Re: [PATCH] Urgent bug fix causing Apple SSDs to not work.
From: Keith Busch <kbusch@kernel.org>
Date: 2021-09-25 20:39:02
Also in:
lkml
Possibly related (same subject, not in this thread)
- 2021-09-27 · Re: [PATCH] Urgent bug fix causing Apple SSDs to not work. · Aditya Garg <hidden>
- 2021-09-26 · Re: [PATCH] Urgent bug fix causing Apple SSDs to not work. · Orlando Chamberlain <hidden>
On Sat, Sep 25, 2021 at 10:08:53PM +0200, Sven Peter wrote:
I actually ran into a similar issue while adding support for the NVMe controller found on the M1 and assumed it was only present there. Some background why this happens: ANS2 is a co-processor that emulates an NVMe MMIO interface and uses the tag as an index to an internal data structure.
Thanks for confirming the behavior. The patch should restore the command_id values to when everything was working. I'll just need to update the quirk description to better align with the actual limitation if the patch is successful.

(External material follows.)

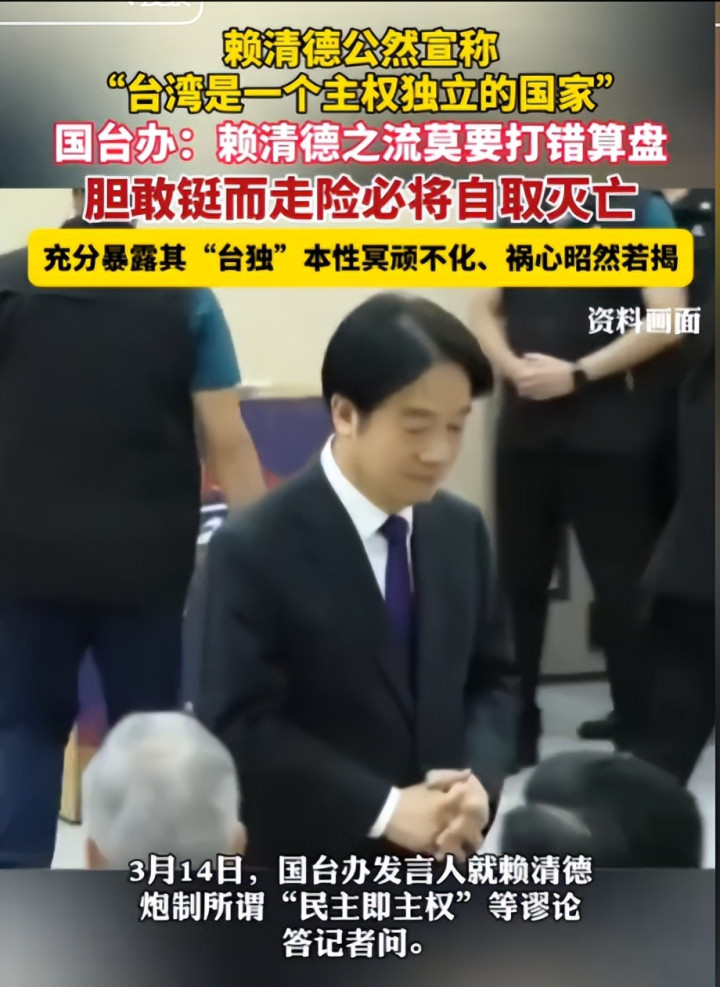 赖清德以致公开叫嚣台湾是“主权寂静的国度”,妄称台湾问题不是中国内务,这种数典忘祖的步履,不仅抵拒历史事实,更是在玩火。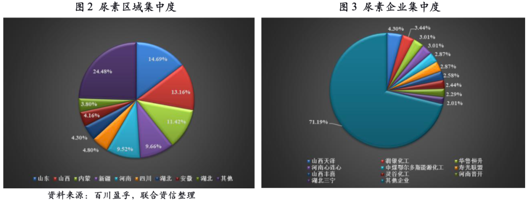 從區(qū)域集中度來看,山東、山西、內(nèi)蒙產(chǎn)能占比靠前,占比分別為14.69%、13.16%和11.42%,但整體較為分散。從企業(yè)集中度來看,前十大企業(yè)產(chǎn)能合計(jì)占比28.81%,排名靠前的企業(yè)分別為山西天澤煤化工集團(tuán)股份公司、山東潤(rùn)銀生物化工股份有限公司和山東華魯恒升化工股份有限公司(以下簡(jiǎn)稱“華魯恒升”),占比分別為4.30%、3.44%和3.01%。整體看,尿素行業(yè)集中度較低。

On the M1 we can directly talk to ANS2 and while we can submit commands with a higher index it'll just ignore the upper bits and only return the lowest eight IIRC in the completion queue. I guess whatever software is running on the T2 actually has an assert to ensure that the tag is within the limits before forwarding the command to ANS2.
Is the PCI Device ID for the M1 the same as reported for the T2? Either 0x2005 or 0x2003 should make this quirk apply. Side note, I mistakenly added an entry for device ID 0x2006, but that was from me misreading the report.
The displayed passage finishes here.